某型机电包装箱静动态力学性能分析及结构优化
发布时间:2018-07-26 16:25
【摘要】:当前机电包装箱的主要材料是森林原木,而我国是一个森林资源极为匮乏的国家,每年仅用于包装的木材就占商品材总量的1/6左右,因此,以新型材料如单板层积材(LVL)等替代原木用于机电产品的包装对缓解我国森林资源缺乏的矛盾有着十分重要的意义。同时,由于机电产品对精度与可靠性的要求非常高,这需要其包装箱在运输和周转的过程中具有良好的力学性能,因而必须对机电包装箱的力学性能进行研究。 本文通过对南京某公司某型机电产品包装箱进行实际测绘后,基于大型三维建模软件Pro/ENGINEER创建了包装箱的几何模型,并利用经典力学理论与基于ANSYS的有限元仿真两种计算方法分别对松木与杨木LVL两种材料的包装箱结构静态力学性能进行了详细分析,通过对比分析发现:基于ANSYS的有限元分析结果与经典力学理论分析结果相吻合,两者之间的相对误差非常小,最大误差为12.189%,最小误差仅为0.102%;杨木LVL包装箱的力学性能完全符合机电包装箱实际使用的要求,因此,,杨木LVL完全可以替代松木等原木作为机电包装材料。 此外,本文通过对现有包装箱结构进行模态分析,得到了包装箱结构的固有频率与相应的模态振型,为包装箱在振动、冲击等后续工况下的力学性能分析提供了一定的基础,通过模态分析可发现:包装箱的前十阶固有频率均小于30Hz,而包装箱在运输和周转的过程中通常受到的外部激励频率一般小于25Hz,容易在外部激励的作用下发生共振,因而对包装箱进行模态分析研究是十分必要的,在必要的时候需采取适当的措施避免包装箱结构与外部激励发生共振。 最后,本文对现有包装箱的底架枕木与纵梁进行了优化设计。
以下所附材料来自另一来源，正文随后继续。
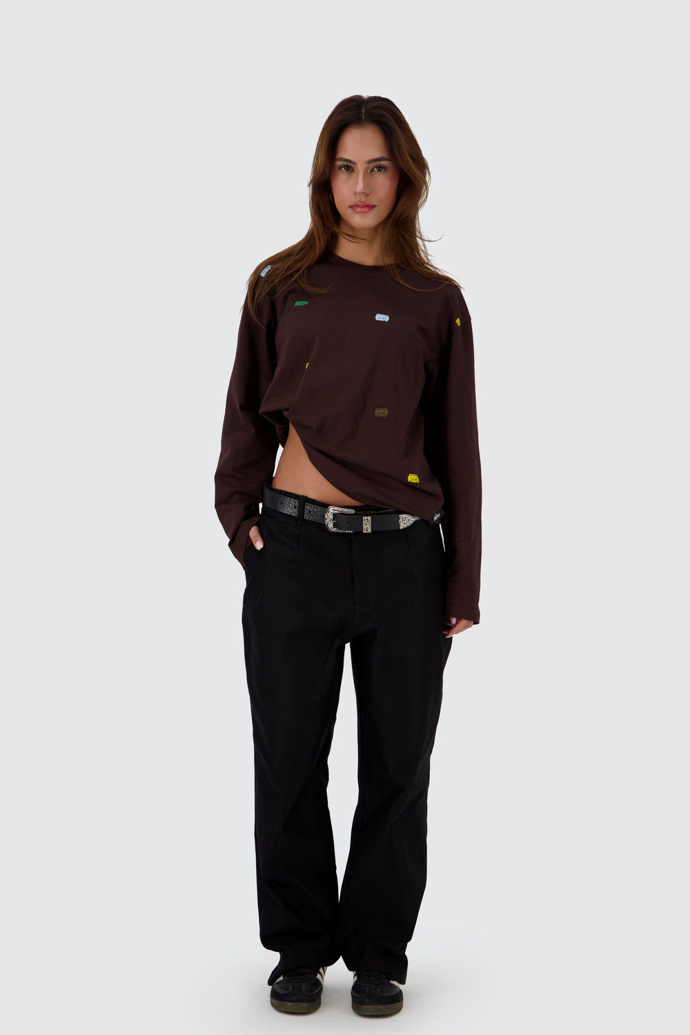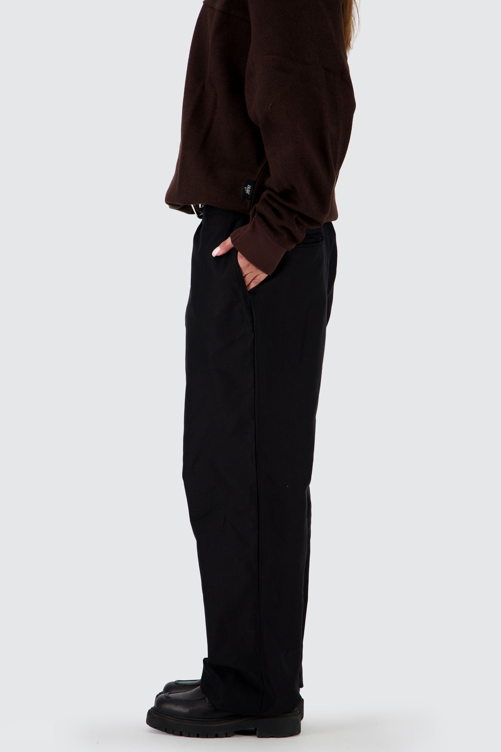 Unisex relaxed fit, wide leg chinos.
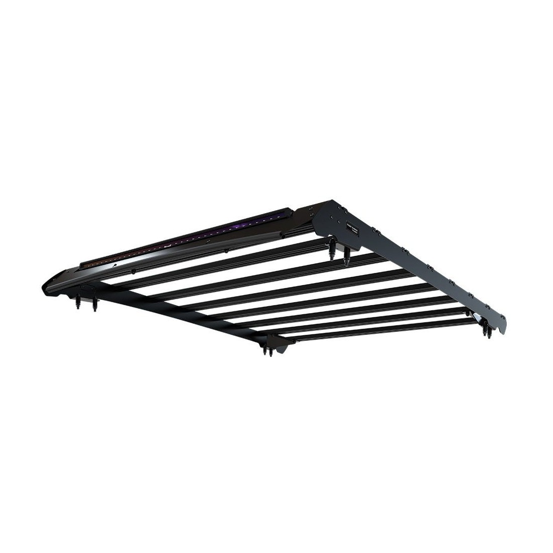 This low-profile flat deck Slimsport rack has a load carrying area of 1610mm (63.4'') L x 1295mm (51'') W. The sleek side rails have integrated mounting feet. The mounting feet also have additional brace brackets for added strength. The high-strength aluminum slats have T-slots suitable for all Front Runner Dometic top mount accessories. Easily add on the Rack Accessory Mounting Bracket RRAC182 for most Front Runner side mount accessories (sold separately). The RRAC385, it has a 40'' cutout to allow the use of the LIGH213 (sold separately). Fitment guide and all mounting hardware included. Note: No drilling required for installation. Note: Under Rack Tables and some side mount accessories such as JADA010 and RRAC103 are not compatible with the Slimsport rack kit range. All Front Runner Racks are backed by a Limited Lifetime Warranty*
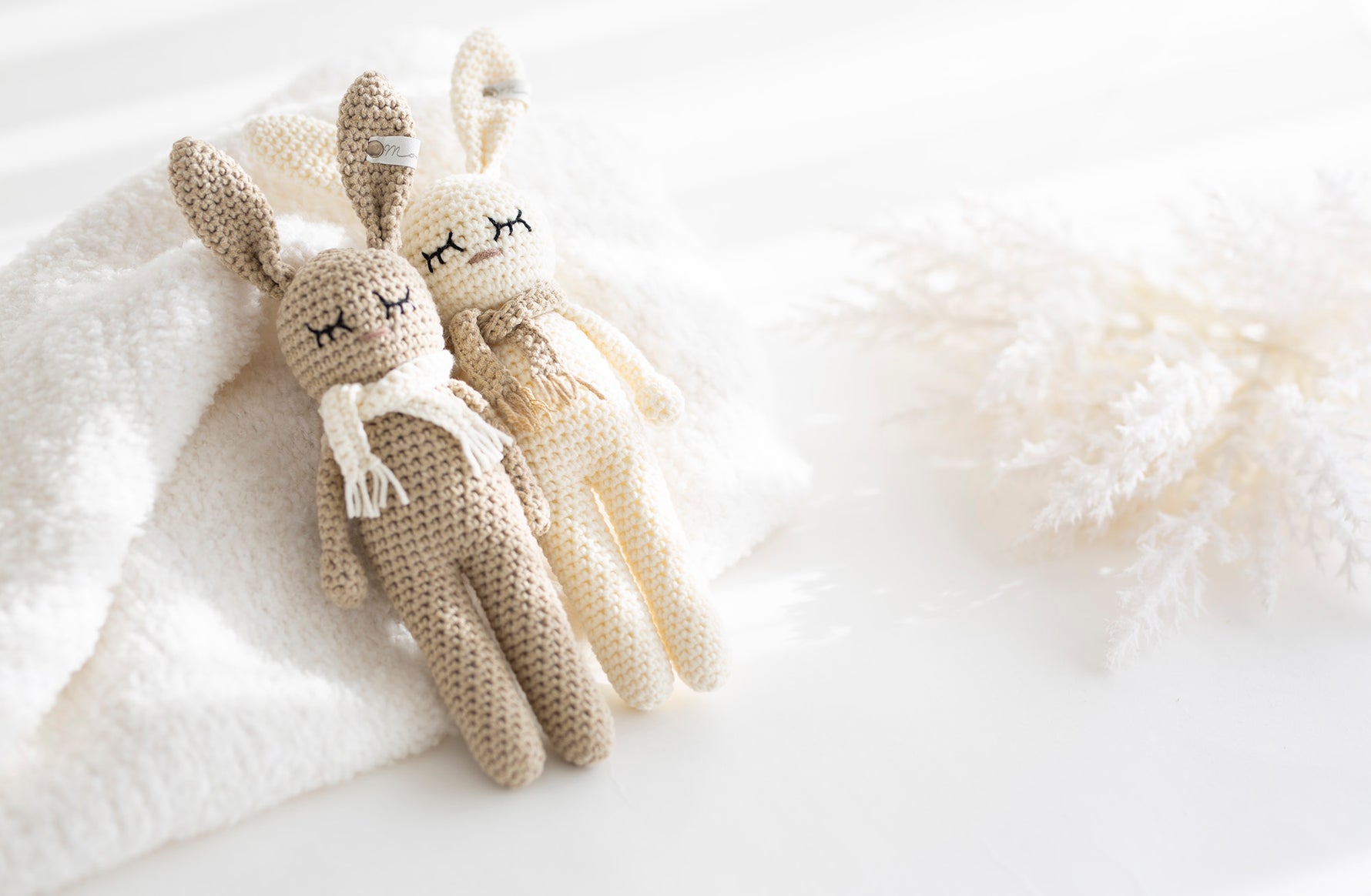 Nertas žaisliukas "Zuikutis su šalikėliu"
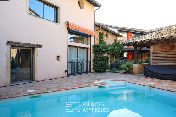 The amenities are impeccable: careful finishes, noble materials, modern equipment, all designed to offer comfort and elegance in everyday life. Outside, an enclosed and intimate courtyard houses a swimming pool and a jacuzzi area. Several outbuildings and a cellar complete the ensemble, adding charm and functionality to this characterful residence. Ideally located 5 minutes from the motorway entrances and TGV station, less than 10 minutes from Macon, a rare property, combining authenticity and modernity, ideal for lovers of stone and exceptional landscapes in a peaceful setting, and close to all amenities.
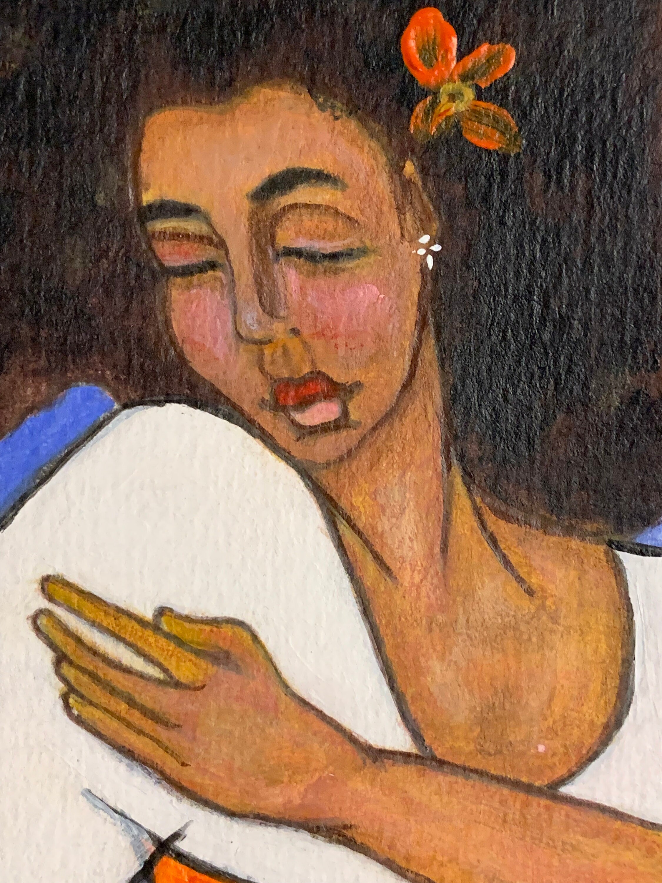 This is a Unique!, Fanciful & Vibrant Original abstract portrait painting of a natural hair woman on a 4" x 6" Fine Quality Artists Card. This textured, Acid-Free artists card is made from 140 lb. cold press watercolor paper, it comes unframed.
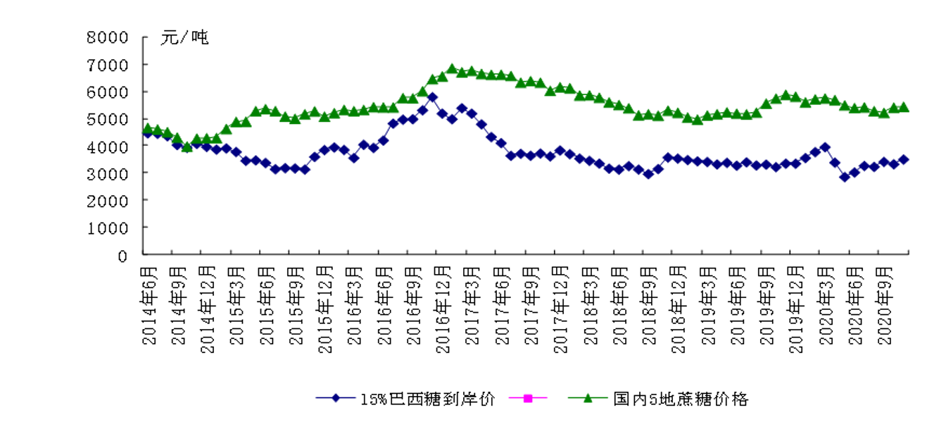 11月份,配額內(nèi)15%關(guān)稅的巴西食糖到岸稅后價每噸3781元,環(huán)比漲116元,漲幅3.2%,比國內(nèi)糖價低1438元,價差比上月縮小346元。而進(jìn)口配額外50%關(guān)稅的巴西食糖到岸稅后價每噸4826元,環(huán)比漲153元,漲幅3.3%,比國內(nèi)糖價低393元,價差比上月縮小382元。國內(nèi)外價差連續(xù)縮小的原因主要是:國際糖價小幅上漲而國內(nèi)糖價下跌。
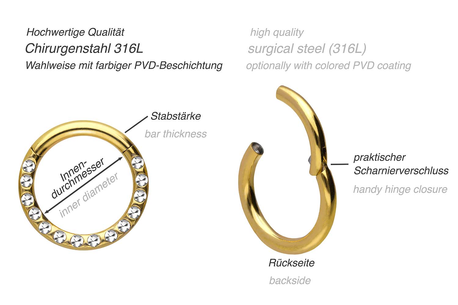 Einfache Handhabung und schönes Design – das sind unsere Clicker! Als Hauptmerkmal der Clicker zählt das praktische Scharnier, das den Einsatz in den Stichkanal enorm erleichtert. Das zur Herstellung verwendete Material (Chirurgenstahl 316L) zeichnet sich insbesondere durch ebene Beschaffenheit und hochwertige Qualität aus. Je nach Farbwunsch ist das Piercing mit einer kratzfesten PVD-Beschichtung überzogen. Eine klare
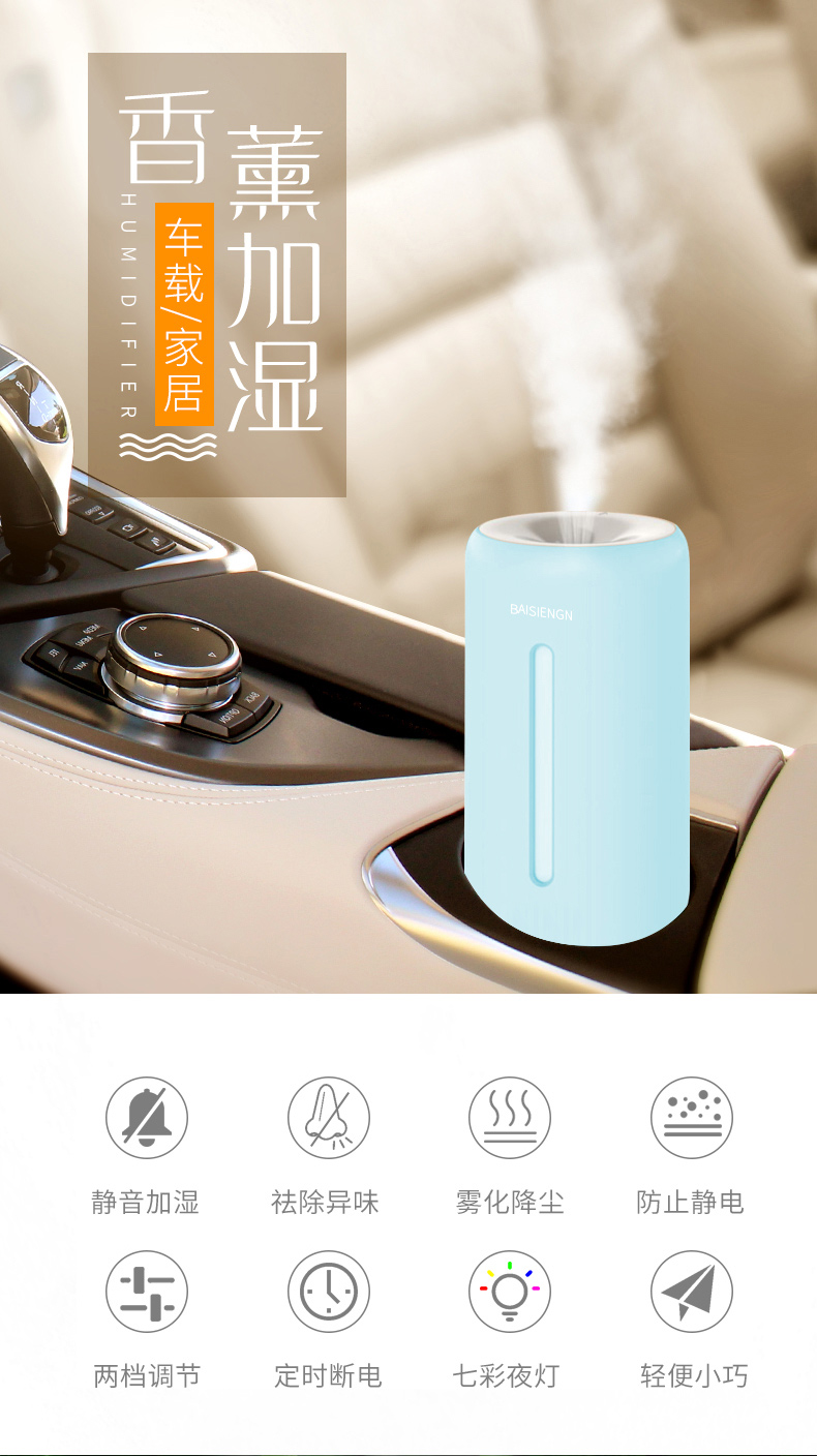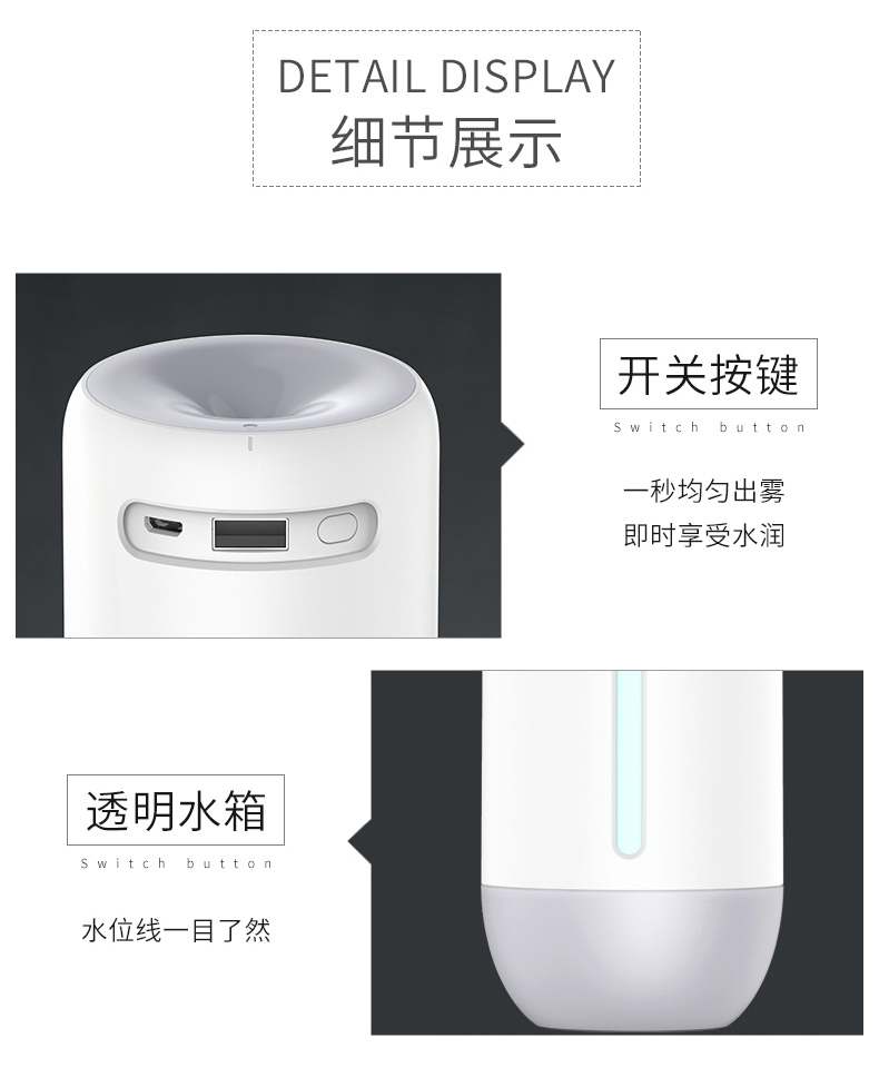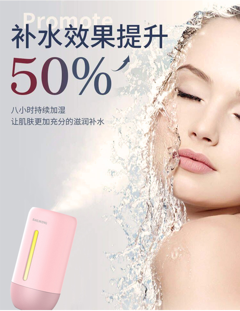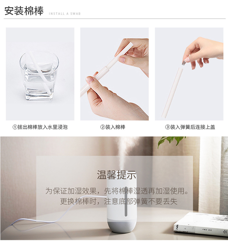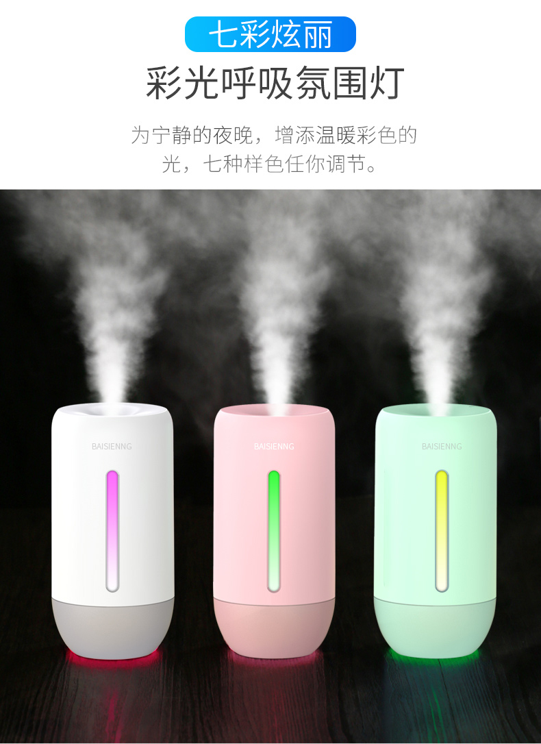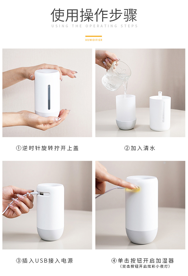 这个加湿器真的很适合放在床头 小小的很方便 冬天空调房实在太干了!这个真的是必备的 补水效果很好 试用了一段时间这个迷你加湿器真的很实用 小巧玲珑的很清新 而且简单大方使用方便 颜色很好看没有色差 还会降低灰尘颜值很高 喷雾量很大而且很细腻呢 不会沾湿桌面呢 真的不错值得推荐!
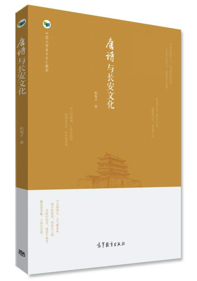 本书是同名慕课的配套教材。唐诗是中国古代诗歌的巅峰,也是中华民族最为灿烂的文化瑰宝。据统计,《全唐诗》、《全唐诗补编》中“长安”一词出现过一千四百余次,如果再加上“帝城”、“帝京”、“帝乡”“帝王州”、“皇都”、“九城”、“凤城”“上国”、“上京”、“京华”、“咸阳”、“咸京”、“秦京”等代称,以及长安城内道观、寺庙、风景名胜等,诗歌数量会更巨大。这门课程由这些有关唐代长安诗歌解读入手,分为爱情文化、政治文化、佛教文化、道教文化、科举文化、女性文化、酒文化、民俗文化、风景名胜、西域文化十个专题,让人们领略唐代长安文化辉煌灿烂的艺术魅力,增进文化自信,增强民族自豪感。该课程2018年5月起在中国大学MOOC网、智慧树等平台运行,同时该课程获批beat365官方网站“课程思政”示范课建设项目(2019年)、beat365官方网站校级一流本科课程建设项目(2020年)、陕西省精品在线开放课程(2019年)。
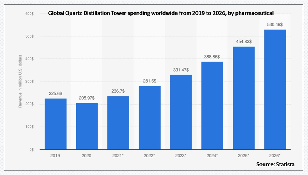 ロックダウン、輸送禁止、工場閉鎖は、石英蒸留塔の製造に必要な原材料・部品のサプライチェーンに混乱をもたらした。その結果、生産が遅延し、経費が増加した。石英蒸留塔の需要は、この流行の影響で変動した。生産量の変化は、化学処理、医薬品、半導体製造など、これらの塔に大きく依存する産業における需要変動につながった。
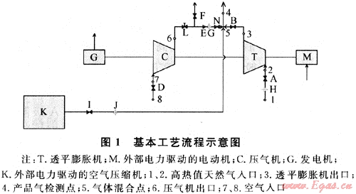 調(diào)壓站內(nèi)天然氣熱值自平衡技術(shù)基本工藝流程如圖1所示。它利用透平膨脹機(jī)代替?zhèn)鹘y(tǒng)調(diào)壓設(shè)備將高壓天然氣降壓[3],并將此過程的壓力能轉(zhuǎn)化成驅(qū)動能,帶動壓氣機(jī)生產(chǎn)壓縮空氣[4~5]摻混到已降壓的高熱值天然氣中,使調(diào)壓站出站天然氣熱值得以降低,其壓力等各項(xiàng)技術(shù)參數(shù)均與目標(biāo)值一致。一般情況下,此過程不需要外部動力驅(qū)動壓氣機(jī),而是回收利用“與生俱來”的天然氣壓力能。

优化分析前底架枕木的截面宽度、截面高度、最大挠度与总体积分别为0.120m、0.020m、4.441×10-3m与3.504×10-3m3,优化后枕木的截面宽度、截面高度、最大挠度与总体积分别为0.044m、0.032m、3.086×10-3m与2.065×10-3m3,尽管优化后枕木的截面高度尺寸比优化前增加了60%,但优化后枕木的截面宽度尺寸、最大挠度以及总体积分别比优化前减小了63.333%、30.511%与41.067%;优化前底架纵梁的截面宽度、截面高度、最大挠度与总体积分别为0.170m、0.150m、3.389×10-3m与0.127m3,优化后纵梁的截面宽度、截面高度、最大挠度与总体积分别为0.148m、0.158m、3.370×10-3m与0.116m3,尽管优化后纵梁的截面高度尺寸比优化前增加了5.333%,但优化后纵梁的截面宽度尺寸、最大挠度以及总体积分别比优化前减少了12.941%、0.561%与8.661%。通过对比分析优化前后底架枕木(或纵梁)的力学性能可知:合理减小包装箱底架枕木(或纵梁)的截面宽度尺寸,同时适当增加其截面高度尺寸,可以使包装箱底架枕木(或纵梁)在满足使用性能要求的同时,降低木材的使用量。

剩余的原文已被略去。